SHINPEI:そうです。オープニングSEも自分たちの楽曲として作ろうという話になりまして。ライヴでは僕が作った音源を流していたんですが、アルバムには新たにきちんと録り直したものが収録されています。

YG:曲調的には「スパイ大作戦のテーマ」(「Theme From Mission: Impossible」)を思わせる緊張感ですね。
SHINPEI:確かにエッセンスとしては意識したと思います。映画音楽のような、胸がざわつくスリリング感が欲しかったんですよ。『MISSION: IMPOSSIBLE』と『燃えよドラゴン』は好きでよく観てましたから。

YG:最初のメロディーの少し東洋風なところが、『燃えよドラゴン』風味ということですね(笑)。
SHINPEI:そうです、混ざっていますね。そういった映画にインスパイアされ、“10番勝負”という戦いをイメージできるサウンドを…という発想から曲作りを始めたんですよ。
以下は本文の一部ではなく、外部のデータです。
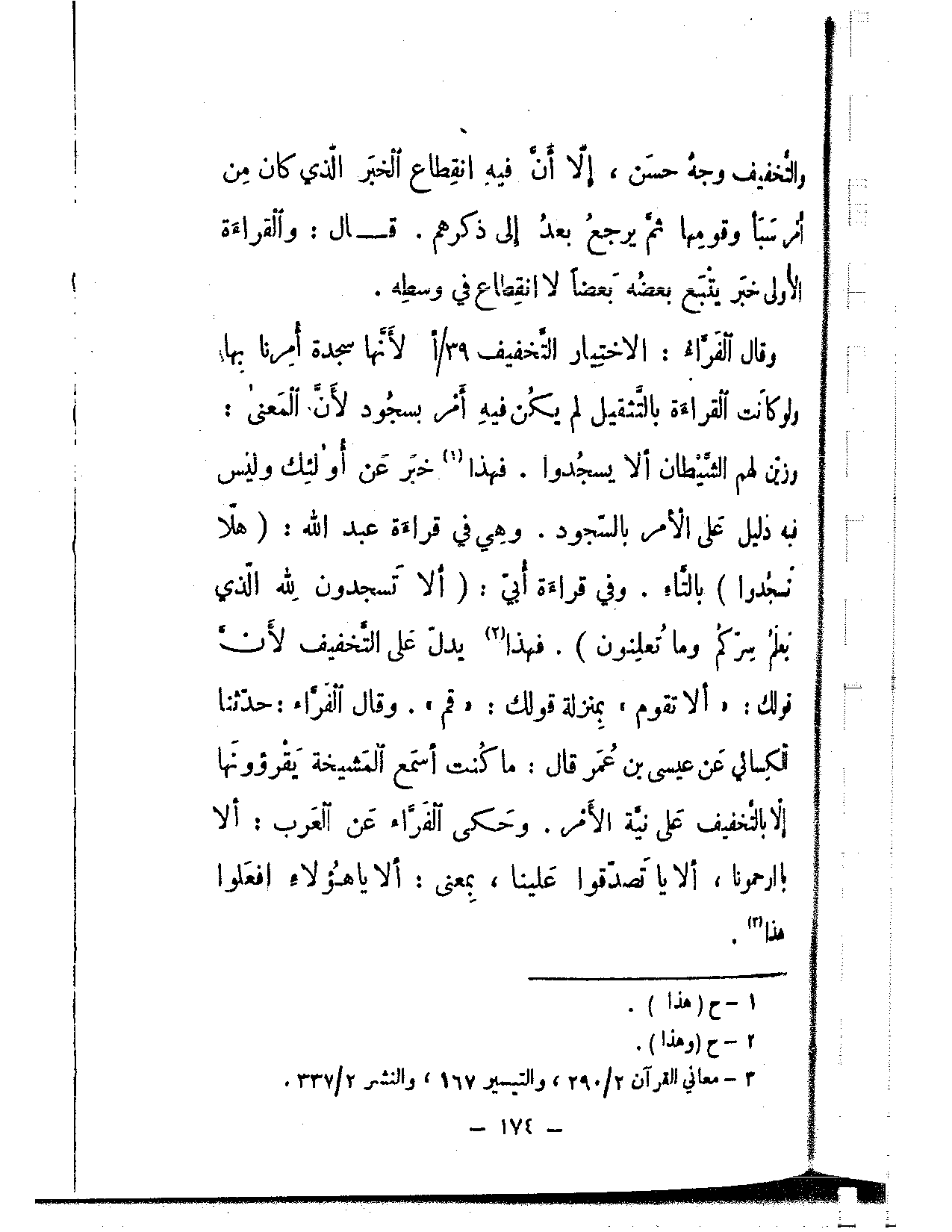 وقال الفراء: الاختيار التخفيف لأنها سجدة أمرنا بها ولو كانت القراءة بالتثقيل لم يكن فيه أمر بسجود لأن المعنى: وزين لهم الشيطان ألا يسجدوا. فهذا خبر عن أولئك وليس فيه دليل على الأمر بالسجود. وهي في قراءة عبد الله: (هلا تسجدوا) بالتاء. وفي قراءة أبي: (ألا تسجدون لله الذي يعلم سركم وما تعلنون). فهذا يدل على التخفيف لأن قولك: «ألا تقوم» بمنزلة قولك: «قم». وقال الفراء: حدثنا الكسائي عن عيسى بن عمر قال: ما كنت أسمع المشيخة يقرؤونها إلا بالتخفيف على نية الأمر. وحكى الفراء عن العرب: ألا يا ارحمونا، ألا يا تصدقوا علينا، بمعنى: ألا يا هؤلاء افعلوا هذا.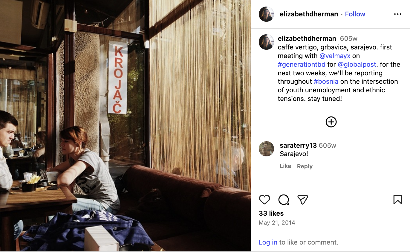 Instagram Caption: caffe vertigo, grbavica, sarajevo. first meeting with @velmayx on #generationtbd for @globalpost. for the next two weeks, we'll be reporting throughout #bosnia on the intersection of youth unemployment and ethnic tensions. stay tuned!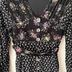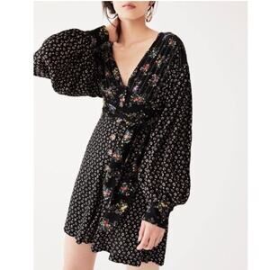 Free People | Wonderland Mini Dress Floral Waist Tie Fit Flare Boho Black Small
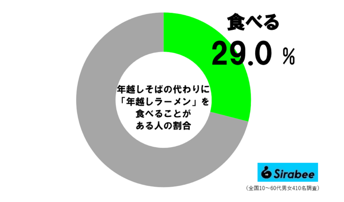Sirabee編集部が全国の10代~60代の男女410名を対象に実施した調査では、全体で29.0%の人が「年越しそばの代わりに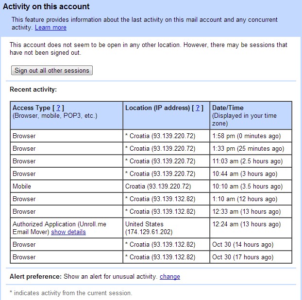 Ako postoji aktivnost s druge IP lokacije koja vam nije poznata možda ste se zaboravili odjaviti na javnom računalu. U tom slučaju koristite gumb Sign Out All Other Sessions kako bi ih prisilno zatvorili.

YG:BREAKERZはツイン・ギター・バンドですから、お二人のギター・バトルという意味合いもあるのかと思ったんですが。
SHINPEI:それもありますね。僕がバッキングを弾く時はAKIHIDEさんがリードを弾いて、AKIHIDEさんがバッキングの時は僕がリードを弾いて…といった具合に、ライヴのギター・バトルみたいな役割で構成がどんどん変わっていくので。

YG:ツイン・リードが差し込んで来るところも、オープニングらしい派手さがあってワクワクしますね。AKIHIDEさんは最初のアイデアを聴いた時、どんな印象でした?
AKIHIDE:SHINPEIらしい曲だなと思いました。僕もソロ活動時はインスト音楽を作っていますけど、自分からは生まれて来ないエッセンス、ロック・ギターらしさがあふれていて新鮮でしたね。レコーディング本番に入る前、ライヴのSEとしてSHINPEIが作った音源を既に10回聴いてきたので、そのイメージを再現するように録音しました。